Centres de rétention : la loi du silence14/05/20252025Journal/medias/journalnumero/images/2025/05/une_2963-c.jpg.445x577_q85_box-0%2C5%2C1265%2C1645_crop_detail.jpg

Leur société

Centres de rétention : la loi du silence

Le Sénat a voté le 12 mai une loi visant à mettre fin à l’intervention d’associations humanitaires dans les centres de rétention administrative (CRA).

Elles y informent actuellement de leurs droits les migrants privés de liberté, un rôle inacceptable pour un gouvernement ayant fait des immigrés les boucs émissaires de tous les maux de la société.

Le premier de ces centres avait été créé en avril 1984. François Mitterrand était alors président de la République et Robert Badinter, ministre de la Justice. Depuis, leur nombre n’a cessé d’augmenter jusqu’à atteindre 26 aujourd’hui. Les hommes et les femmes qui y sont retenus se trouvent sous le coup d’une obligation de quitter le territoire français (OQTF), mais ont encore la possibilité de faire appel. L’aide que leur apportent dans cette démarche des associations comme la Cimade ou France Terre d’asile est une épine dans le pied du gouvernement, car bien des décisions d’expulsion sont légalement contestables. Elles ont été prises automatiquement, sans examen individuel, et aboutissent parfois à renvoyer les migrants dans des pays où ils risquent leur vie. Le prétexte de prétendues menaces à l’ordre public est invoqué de plus en plus souvent sans être en quoi que ce soit étayé, et finalement 44 % des migrants retenus en CRA qui franchissent le parcours d’obstacles pour faire appel sont libérés par le juge.
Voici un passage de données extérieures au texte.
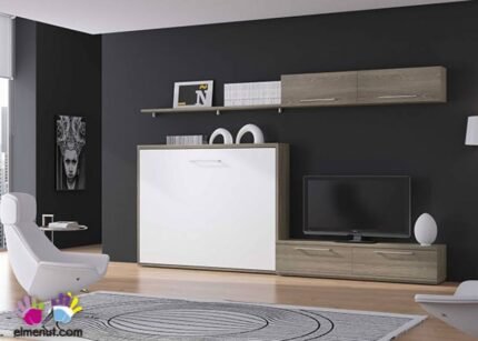 Living room with 150 x 190 horizontal folding bed with wall composition
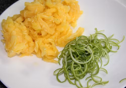 - Dứa gọt vỏ, cắt bỏ mắt và xắt hạt lựu hoặc xay nhuyễn tùy sở thích.

Autre contrariété pour le gouvernement, ces associations sont les seules à pouvoir informer le public de ce qui se passe dans ces centres où les conditions de rétention sont indignes. La Cimade, dans son rapport annuel, dénonce ainsi les locaux en sous- sol sans fenêtre ni cour extérieure à Bordeaux, et partout la multiplication des actes d’automutilation et les tentatives de suicide causées par le désespoir, ainsi que l’indifférence des autorités envers la situation sanitaire des personnes retenues. La Cour européenne des droits de l’homme a pour sa part condamné onze fois la France pour le placement d’enfants dans les CRA, un scandale qui continue.

Le gouvernement voudrait pouvoir agir en toute impunité, et la loi prétend remplacer les associations par l’OFII, l’Organisme français de l’immigration et de l’intégration, un organisme sous la tutelle du ministère de l’Intérieur. En matière d’opacité, on n’est jamais aussi bien servi que par soi-même.